Critical Materials Institute Uses 3D Metal Printer To Push For Rare Earth Magnet Substitutes

Can 3D-Printed Magnets Replace Rare Earth Magnets?

Additive manufacturing can turn everyday magnetic material into alternatives for expansive rare-earth magnets.

Stephen Mraz, Machine Design

Engineers at the Ames Laboratory’s Critical Materials Institute used laser 3D metal printing to turn permanent magnet material into an economical alternative to more expensive rare-earth neodymium iron boron (NdFeB) magnets. The researchers experimented with magnets 3D printed from different combinations of cobalt, iron, copper, and cerium (a less-expensive, more-plentiful rare earth material than neodymium). The researchers produced a range of compositions in samples that were printed using a 3D laser metal printer.

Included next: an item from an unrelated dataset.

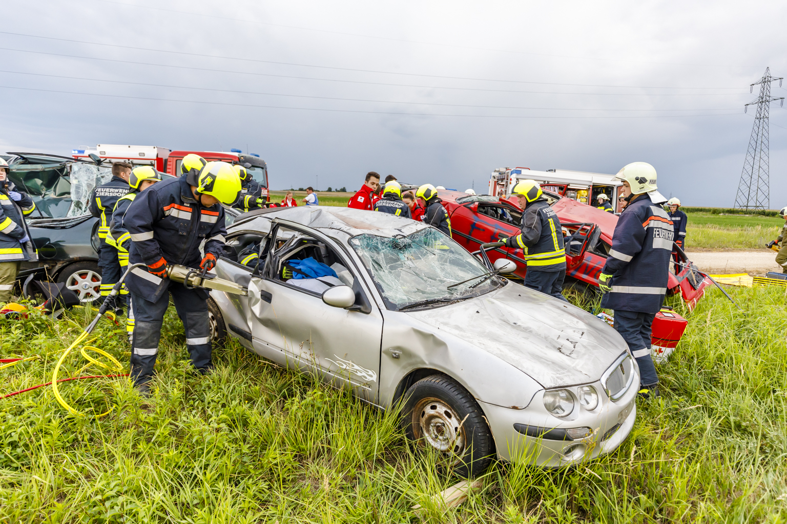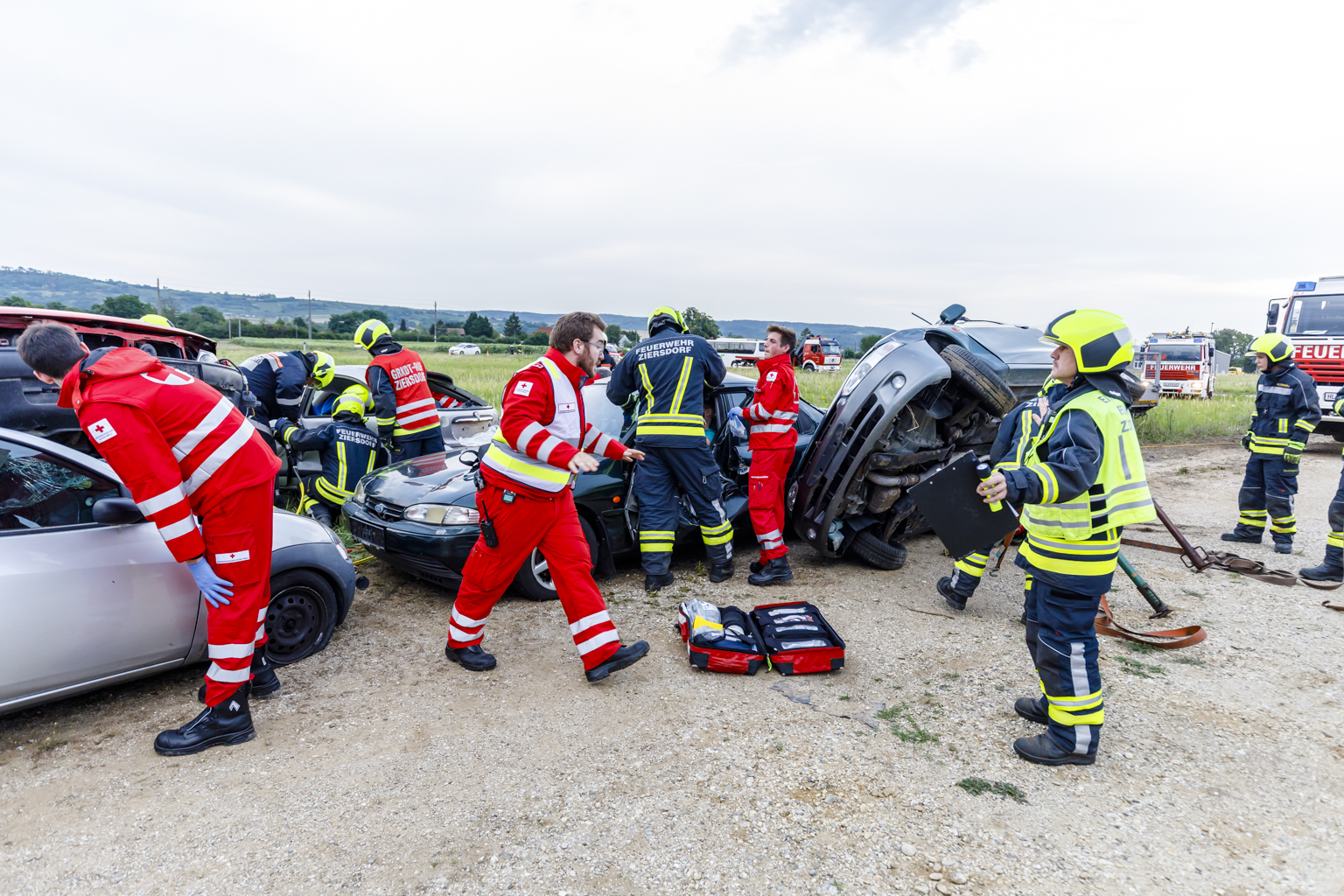 Unmittelbar nach Übungsbeginn traf das erste Fahrzeug der FF Ziersdorf am Unfallort ein. Im Zuge der Erkundung durch den Übungsleiter gab es gleich die erste Herausforderung, ein Kind, das unter Schock stand, sprang aus einem PKW und lief von der Unfallstelle weg. Geschickt wurde der Junge durch den Übungsleiter eingefangen und an die Sanitäter übergeben. Nach kurzem Informationsaustausch mit dem Übungsleiter des Roten Kreuzes wurde die Erkundung fortgesetzt und die Aufgaben verteilt. Die eintreffenden weiteren Feuerwehren meldeten sich beim Übungsleiter und bekamen von diesem ihre Befehle, gleichzeitig wurde für die bessere Organisation und Dokumentation die Einsatzleitung aufgebaut.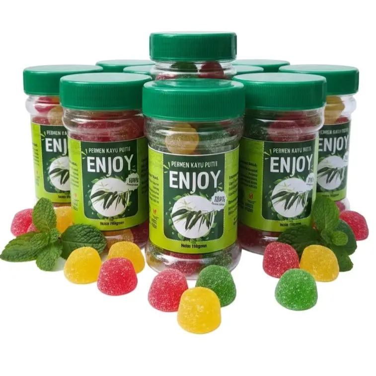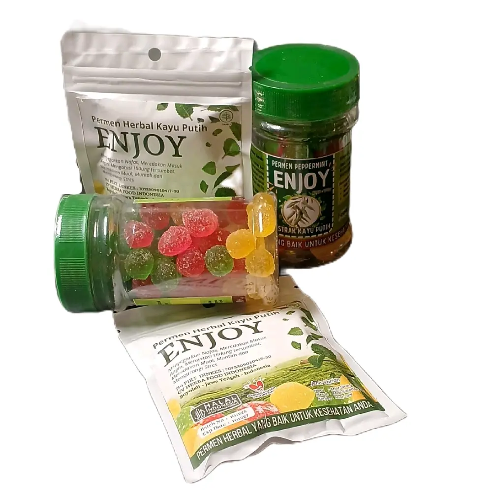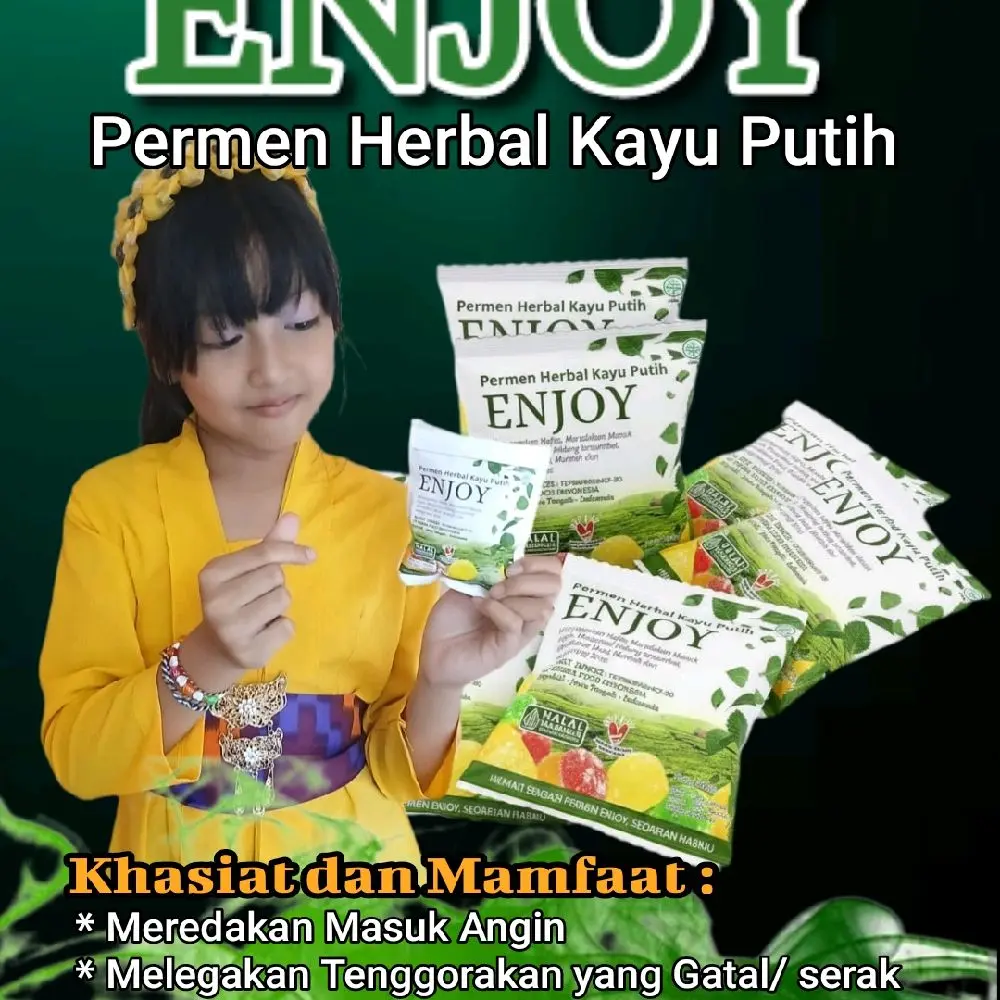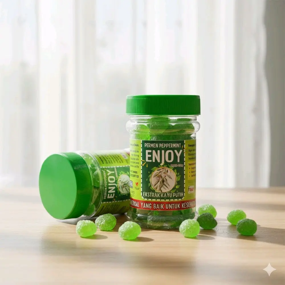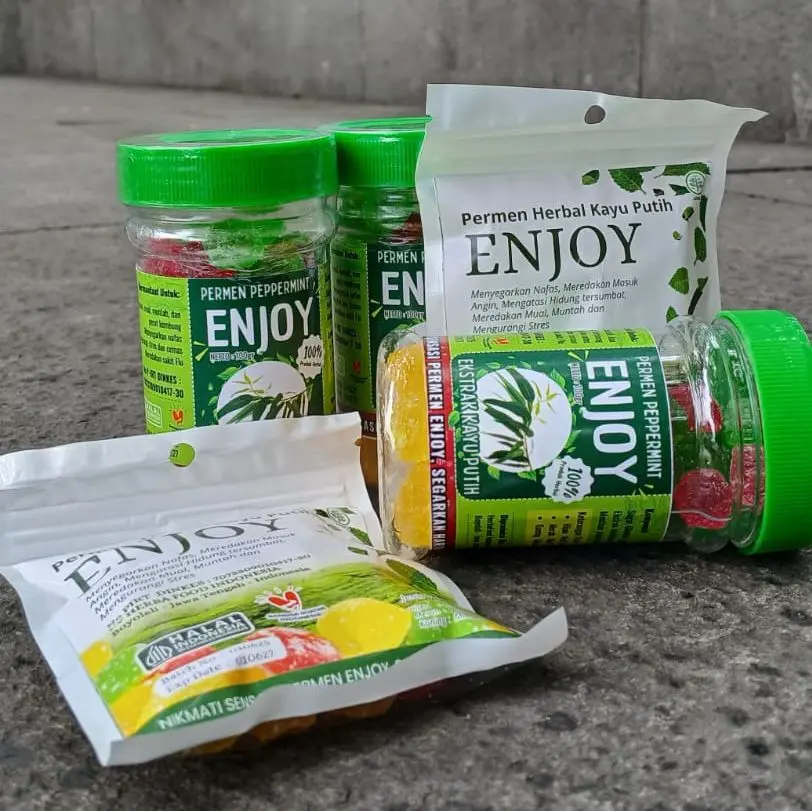 Permen herbal kayu putih, permen kesehatan ENJOY adalah permen yang memiliki banyak khasiat : melegakan tenggorokan, masuk angin, perut kembung dan mual mual,hidung tersumbat, tenggorokan terasa gatal atau ingin muntah perjalanan dll

“The ceria-based alloy was a known magnetic material, but we wanted to revisit it to see if we could find exceptional magnetic properties,” says CMI scientist Ryan Ott. “With four elements, there is a vast number of compositions to explore, and3D printing greatly accelerates the search process.”

“It is very challenging to use laser printing to identify potential permanent magnet phases for bulk materials because of the need to develop the necessary microstructure,” says CMI scientist Ikenna Nlebedim. “But this research shows that additive manufacturing can be used to rapidly and economically identifying promising permanent magnet alloys.”